• [The problem]: The pictures in the listing below are to be skipped, while the lines between the line holding "専用アプリ「SRS iWOW アプリ」を、アップルの「App" and the line holding "ルビー:1.09ct ダイヤモンド:0.30ct |", inclusive, are to be output exactly.

• [Recorded information]:
_____
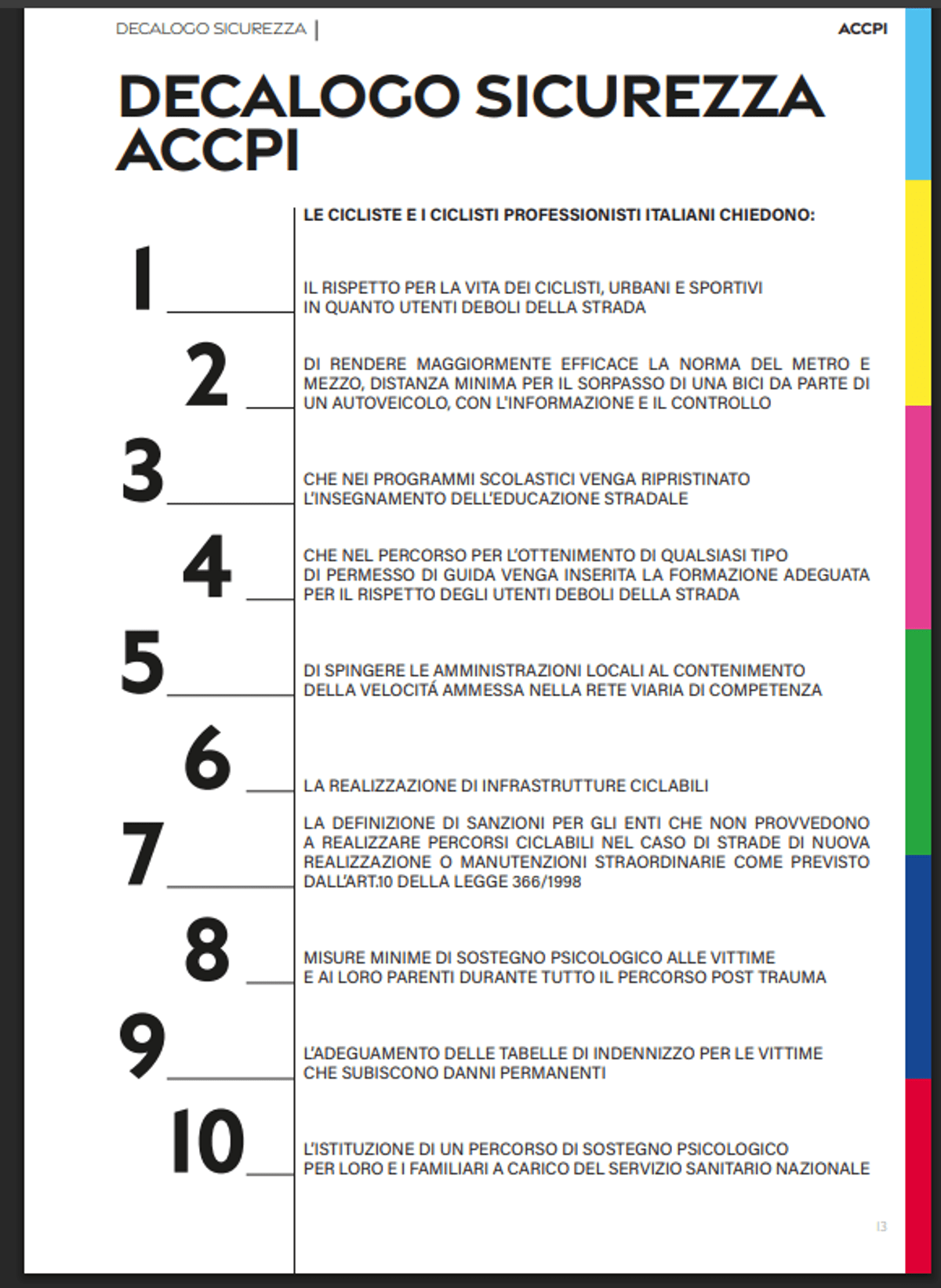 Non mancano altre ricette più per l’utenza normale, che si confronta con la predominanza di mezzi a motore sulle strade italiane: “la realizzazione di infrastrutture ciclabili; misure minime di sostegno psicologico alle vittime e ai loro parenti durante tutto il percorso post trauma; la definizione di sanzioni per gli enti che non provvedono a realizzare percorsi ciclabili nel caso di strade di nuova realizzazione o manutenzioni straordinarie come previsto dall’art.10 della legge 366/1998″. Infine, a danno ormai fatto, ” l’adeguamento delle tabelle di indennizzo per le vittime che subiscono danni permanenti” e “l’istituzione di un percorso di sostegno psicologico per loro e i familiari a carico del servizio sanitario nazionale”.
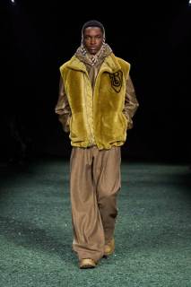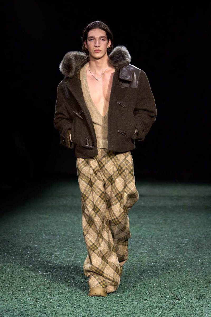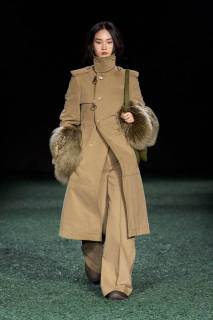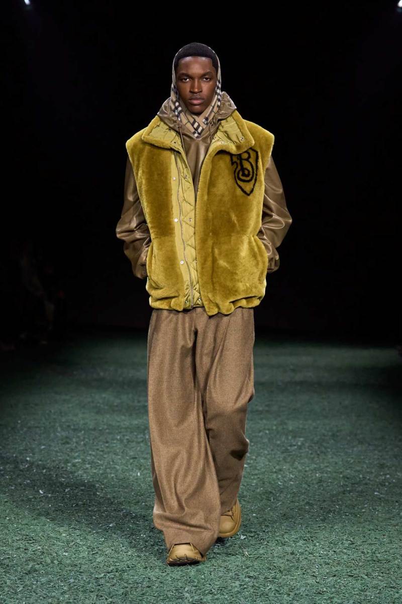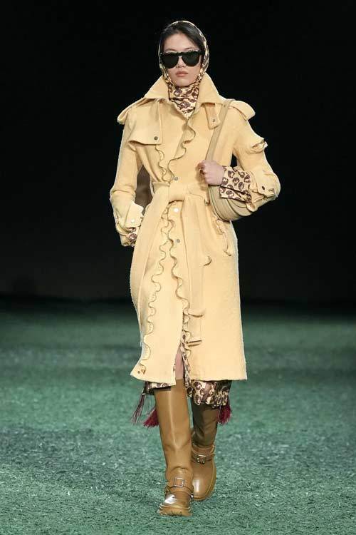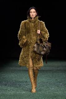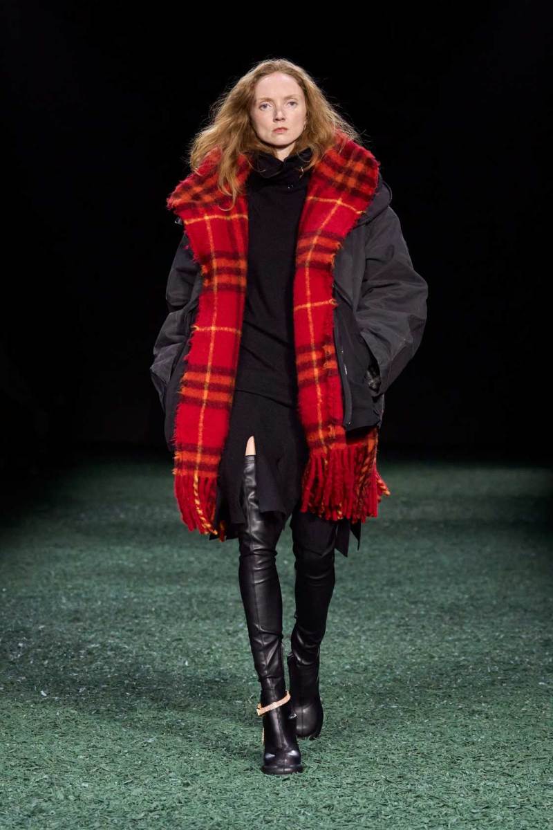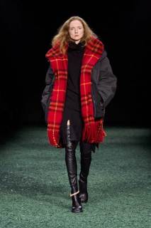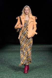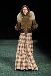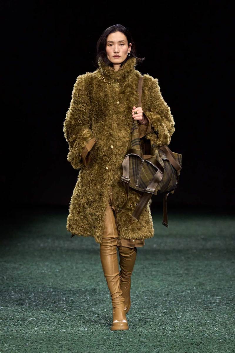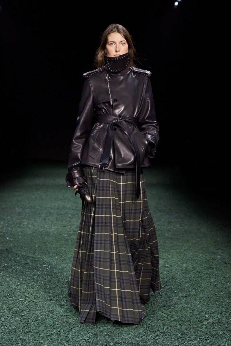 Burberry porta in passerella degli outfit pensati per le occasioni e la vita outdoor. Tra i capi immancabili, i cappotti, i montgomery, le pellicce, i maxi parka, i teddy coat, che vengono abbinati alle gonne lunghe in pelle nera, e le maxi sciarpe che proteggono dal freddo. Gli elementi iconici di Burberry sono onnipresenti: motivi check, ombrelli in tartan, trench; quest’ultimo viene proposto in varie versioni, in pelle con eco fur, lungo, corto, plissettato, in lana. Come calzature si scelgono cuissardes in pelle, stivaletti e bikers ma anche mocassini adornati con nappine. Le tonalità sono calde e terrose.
_____
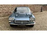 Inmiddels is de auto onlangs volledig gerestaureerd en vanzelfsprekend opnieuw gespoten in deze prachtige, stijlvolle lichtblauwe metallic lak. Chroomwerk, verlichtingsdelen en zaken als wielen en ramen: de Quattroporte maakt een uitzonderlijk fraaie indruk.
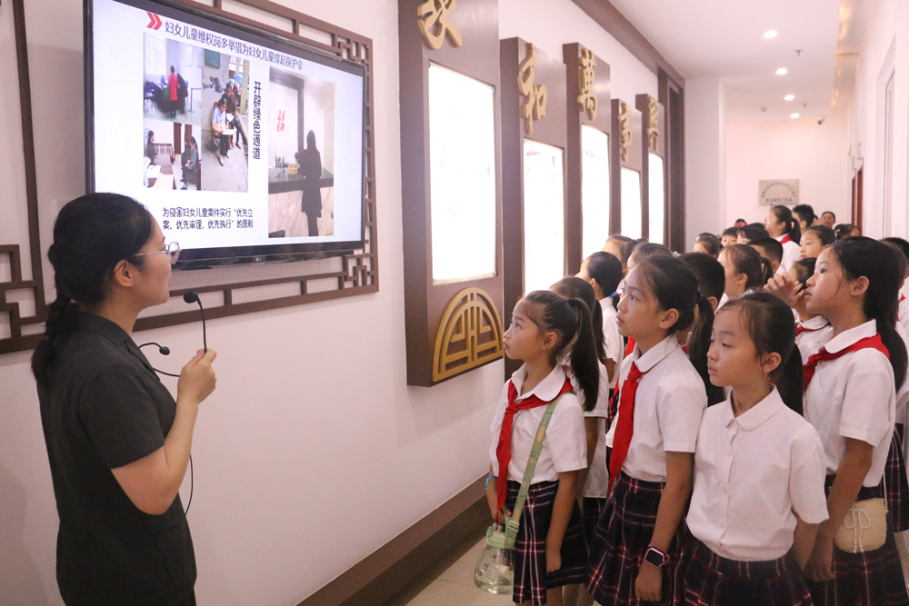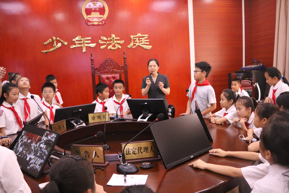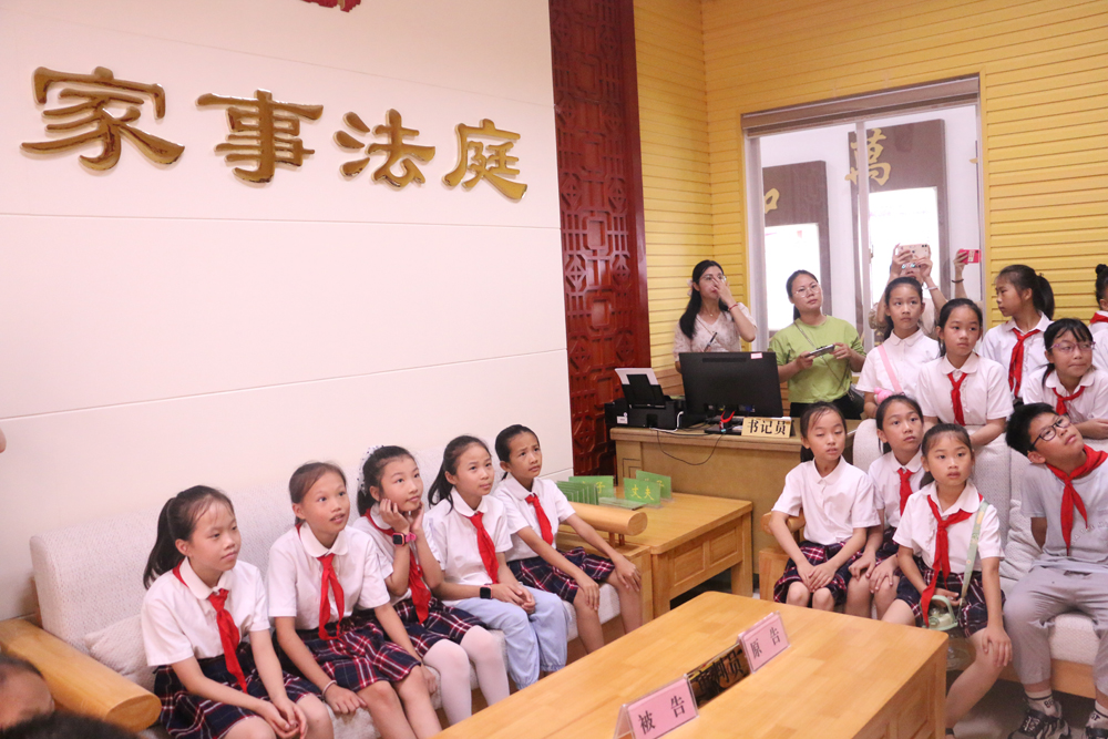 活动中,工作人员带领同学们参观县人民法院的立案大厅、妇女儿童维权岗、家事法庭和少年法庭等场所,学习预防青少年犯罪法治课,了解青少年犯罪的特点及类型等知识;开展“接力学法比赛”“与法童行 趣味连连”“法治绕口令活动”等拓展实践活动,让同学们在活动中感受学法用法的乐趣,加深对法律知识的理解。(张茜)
_____
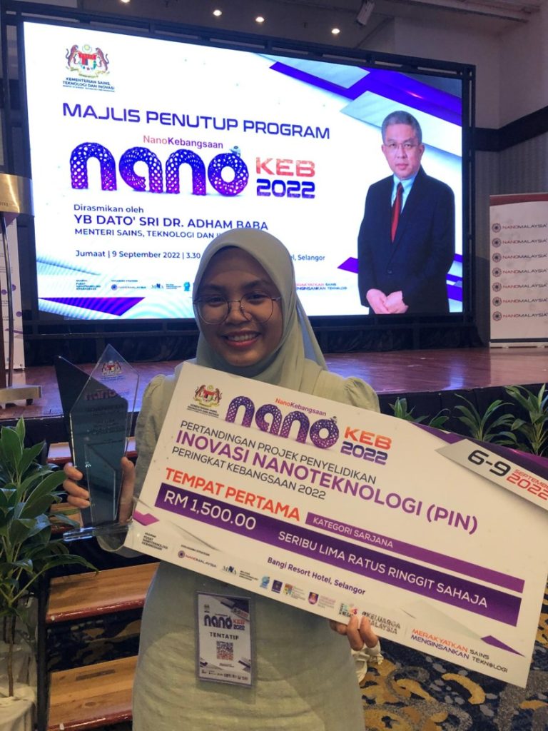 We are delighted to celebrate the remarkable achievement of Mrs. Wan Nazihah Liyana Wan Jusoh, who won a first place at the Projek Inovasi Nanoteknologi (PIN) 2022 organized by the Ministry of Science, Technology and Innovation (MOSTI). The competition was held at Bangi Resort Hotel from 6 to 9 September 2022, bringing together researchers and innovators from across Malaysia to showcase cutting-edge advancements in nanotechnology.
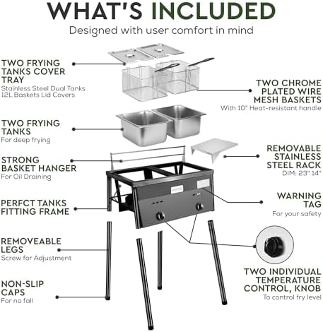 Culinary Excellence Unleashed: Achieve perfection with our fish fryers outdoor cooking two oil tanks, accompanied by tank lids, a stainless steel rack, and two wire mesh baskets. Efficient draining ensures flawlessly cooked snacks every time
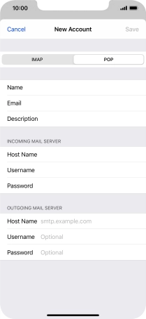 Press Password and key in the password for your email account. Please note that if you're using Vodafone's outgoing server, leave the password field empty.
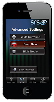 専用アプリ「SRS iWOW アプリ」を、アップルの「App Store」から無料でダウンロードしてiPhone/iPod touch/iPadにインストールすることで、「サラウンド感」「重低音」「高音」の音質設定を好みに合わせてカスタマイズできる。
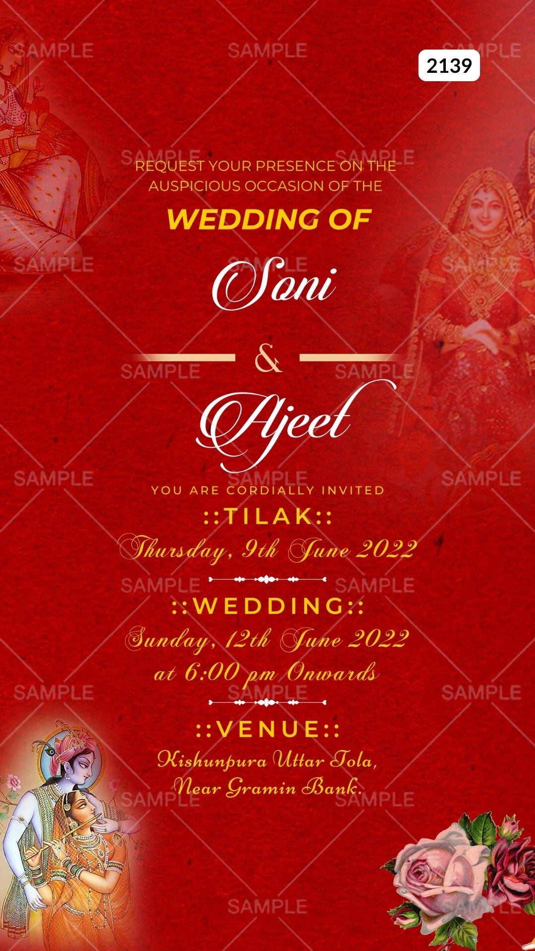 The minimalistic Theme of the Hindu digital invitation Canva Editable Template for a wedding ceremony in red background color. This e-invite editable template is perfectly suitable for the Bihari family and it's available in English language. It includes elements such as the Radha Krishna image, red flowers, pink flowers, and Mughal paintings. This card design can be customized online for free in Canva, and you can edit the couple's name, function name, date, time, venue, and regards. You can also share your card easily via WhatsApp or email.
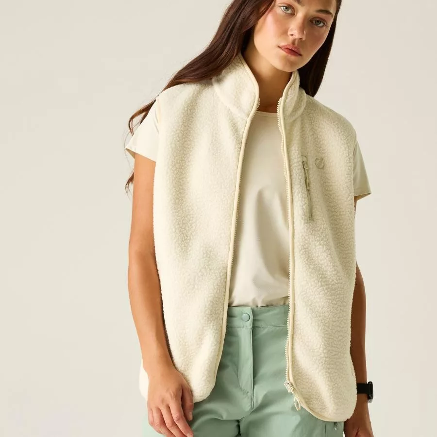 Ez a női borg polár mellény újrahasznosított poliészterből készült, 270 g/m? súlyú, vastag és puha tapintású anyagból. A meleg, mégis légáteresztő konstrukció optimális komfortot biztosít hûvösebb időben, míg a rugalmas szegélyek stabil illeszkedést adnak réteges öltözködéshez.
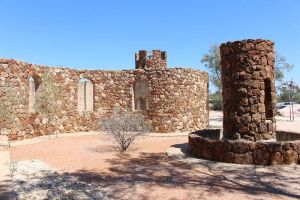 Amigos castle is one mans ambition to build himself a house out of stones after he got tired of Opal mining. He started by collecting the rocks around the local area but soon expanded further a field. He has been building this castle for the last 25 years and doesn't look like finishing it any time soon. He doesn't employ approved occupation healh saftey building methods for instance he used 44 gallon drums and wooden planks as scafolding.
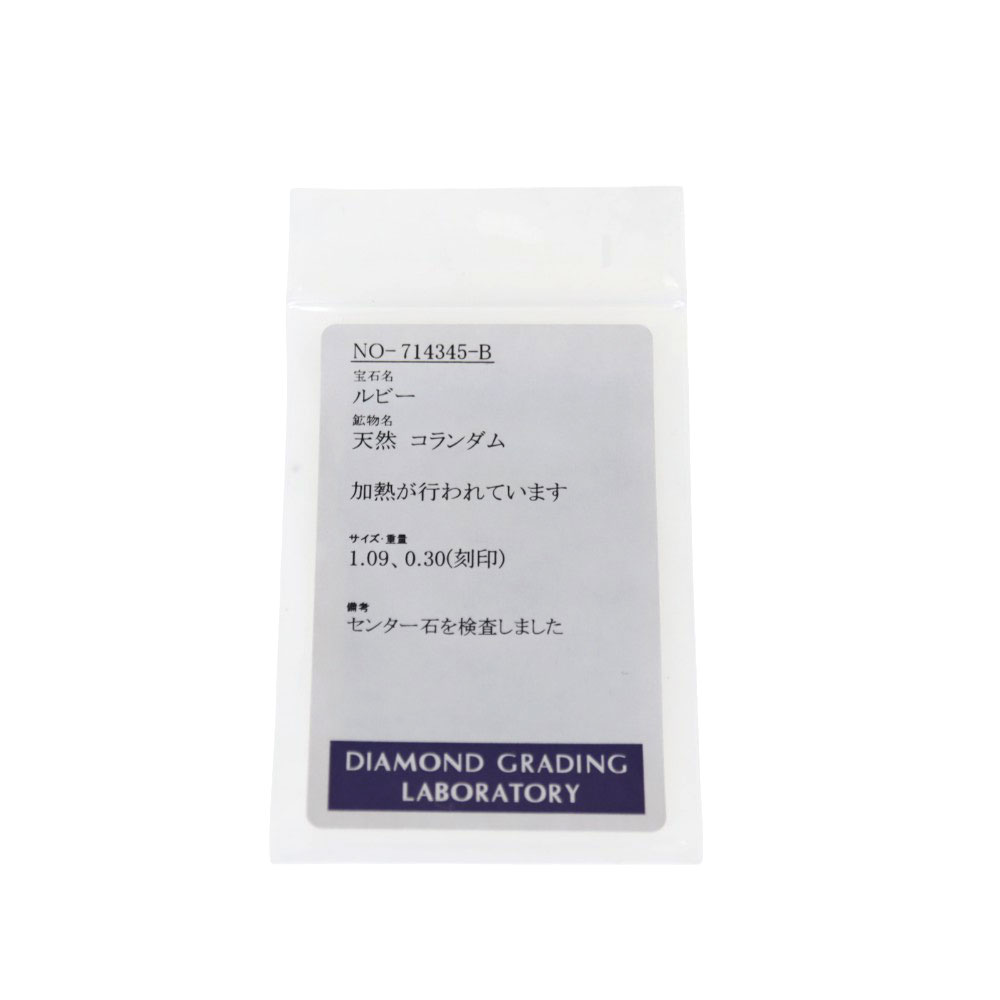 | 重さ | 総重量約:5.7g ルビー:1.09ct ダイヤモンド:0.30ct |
_____
• [Your response]:
 専用アプリ「SRS iWOW アプリ」を、アップルの「App Store」から無料でダウンロードしてiPhone/iPod touch/iPadにインストールすることで、「サラウンド感」「重低音」「高音」の音質設定を好みに合わせてカスタマイズできる。
 The minimalistic Theme of the Hindu digital invitation Canva Editable Template for a wedding ceremony in red background color. This e-invite editable template is perfectly suitable for the Bihari family and it's available in English language. It includes elements such as the Radha Krishna image, red flowers, pink flowers, and Mughal paintings. This card design can be customized online for free in Canva, and you can edit the couple's name, function name, date, time, venue, and regards. You can also share your card easily via WhatsApp or email.
 Ez a női borg polár mellény újrahasznosított poliészterből készült, 270 g/m? súlyú, vastag és puha tapintású anyagból. A meleg, mégis légáteresztő konstrukció optimális komfortot biztosít hûvösebb időben, míg a rugalmas szegélyek stabil illeszkedést adnak réteges öltözködéshez.
 Amigos castle is one mans ambition to build himself a house out of stones after he got tired of Opal mining. He started by collecting the rocks around the local area but soon expanded further a field. He has been building this castle for the last 25 years and doesn't look like finishing it any time soon. He doesn't employ approved occupation healh saftey building methods for instance he used 44 gallon drums and wooden planks as scafolding.
 | 重さ | 総重量約:5.7g ルビー:1.09ct ダイヤモンド:0.30ct |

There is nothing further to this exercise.